## Input for this task
-------------------------

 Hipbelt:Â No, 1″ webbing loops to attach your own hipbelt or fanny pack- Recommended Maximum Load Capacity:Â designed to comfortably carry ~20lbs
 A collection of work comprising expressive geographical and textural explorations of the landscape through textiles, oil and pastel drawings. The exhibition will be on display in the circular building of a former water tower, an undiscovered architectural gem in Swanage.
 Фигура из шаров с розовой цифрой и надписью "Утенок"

-------------------------

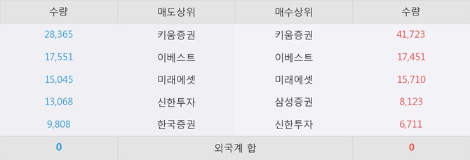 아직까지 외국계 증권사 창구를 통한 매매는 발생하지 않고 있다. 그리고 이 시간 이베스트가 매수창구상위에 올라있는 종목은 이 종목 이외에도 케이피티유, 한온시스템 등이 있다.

-------------------------

## Task objective
Transcribe, exactly and without additions, the lines of the records above, beginning with the line that contains "Hipbelt:Â No, 1″" and ending with the line that contains "Фигура из шаров", both included.

## Result
 Hipbelt:Â No, 1″ webbing loops to attach your own hipbelt or fanny pack- Recommended Maximum Load Capacity:Â designed to comfortably carry ~20lbs
 A collection of work comprising expressive geographical and textural explorations of the landscape through textiles, oil and pastel drawings. The exhibition will be on display in the circular building of a former water tower, an undiscovered architectural gem in Swanage.
 Фигура из шаров с розовой цифрой и надписью "Утенок"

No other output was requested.